Check out Christopher Hitchens's interesting piece on the challenge of Pakistan and its relevance in the campaign to pacify Afghanistan and the war against jihadi terrorists. It lends more credence, I think, to my belief that our imperialist/colonialist/interventionist/humanitarian (or whatever terminology you prefer) further strains the ability of a democratic populace, like that of the United States, to have a meaningful understanding of the actions of its government and military.
Hitchens's piece talks briefly about the oddity that is Pakistan, about the strange hodgepodge of ethnic and religious alliances that were behind its creation, and how the nation is the result of political necessity and negotiation rather than through organic means. (I would argue that no nation-state is genuinely an "organic" body, but that's an argument for another time.) As I've said before, I think that this demonstrates an overlooked consequence of our imperial adventures. The principle of democracy is that the people lead.

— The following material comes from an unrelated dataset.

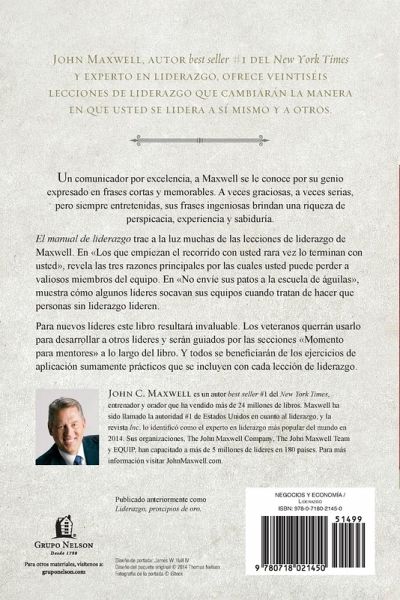 El autor de best sellers del New York Times y experto en liderazgo, John Maxwell, ofrece una perspectiva pr¿¿ctica para aprender c¿¿mo liderar a la persona que m¿¿s importa: usted mismo. El camino hacia el liderazgo comienza con una pregunta que pocos nos hacemos: ¿¿C¿¿mo me lidero a m¿¿ mismo? John Maxwell presenta veintis¿¿is ideas, no s¿¿lo para quienes aspiran a posiciones de liderazgo sino tambi¿¿n para l¿¿deres veteranos que tienen la meta de construir y mejorar sobre los pasos que les llevaron a estar al frente. Un liderazgo sano influenciar¿¿ cualquier tarea, pero los l¿¿deres sensatos est¿¿n preparados para el riesgo, y de modo importante, el fracaso, mientras se¿¿alan el camino hacia el logro. Con ejercicios de aplicaci¿¿n y un ¿¿Momento para mentores¿¿ que acompä¿a a cada cap¿¿tulo, El manual de liderazgo presenta un mapa de ruta de un camino que muchos cruzan pero pocos deciden seguir. ¿¿Un l¿¿der --aconseja Maxwell-- nunca tiene que recuperarse de un buen comienzö¿.

If the people are to lead (either directly as in Athens or through surrogates as in America), they need to have a workable understanding of the issues that confront them. The price of democracy isn't just vigilance, but education. Leaders need to educate themselves about the issues confronting their nation. When the people lead, the people face a responsibility to educate themselves to one degree or another about what, exactly, is going on in these issues.

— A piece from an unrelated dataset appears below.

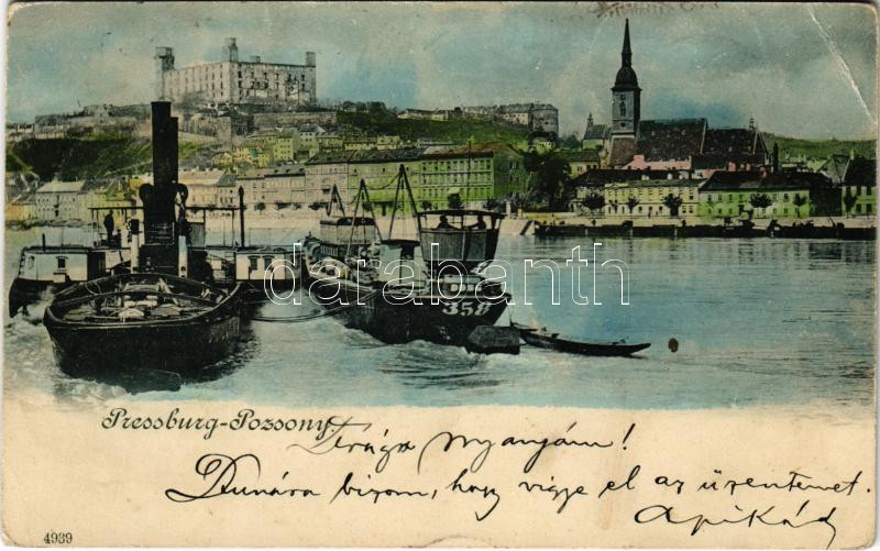 1899 (Vorläufer) Pozsony, Pressburg, Bratislava; vár, gőzhajó és uszál... https://www.darabanth.com/hu/430-Gyorsarveres/430.0/Kepeslapok/Felvidek~1500006/1899-Vorlaufer-Pozsony-Pressburg-Bratislava-var-gozhajo-es-uszaly-a-Dunan-castle-ste~II2761233

This is hard enough when the questions are about domestic issues like the environment, taxes, energy policy, transportation and infrastructure, and other day-to-day aspects of governance. When you broaden this responsibility to include the many intricate layers of the internal policies and conflicts of foreign countries, you are ensuring that the populace of the United States does not have the possibility of even a rudimentary level of understanding necessary to accurately judge the country's foreign policy. I'm a political and foreign policy junkie. I read tons of blogs, newspapers and magazines, with a particular eye to our entaglements in the Middle East. But I don't have anything resembling a complete picture of what's going on around the Pakistan/Afghanistan border. Foreign policy adventurism and aggression ensures that the people don't have a firm grasp of the nuance and complications involved in our military entanglements.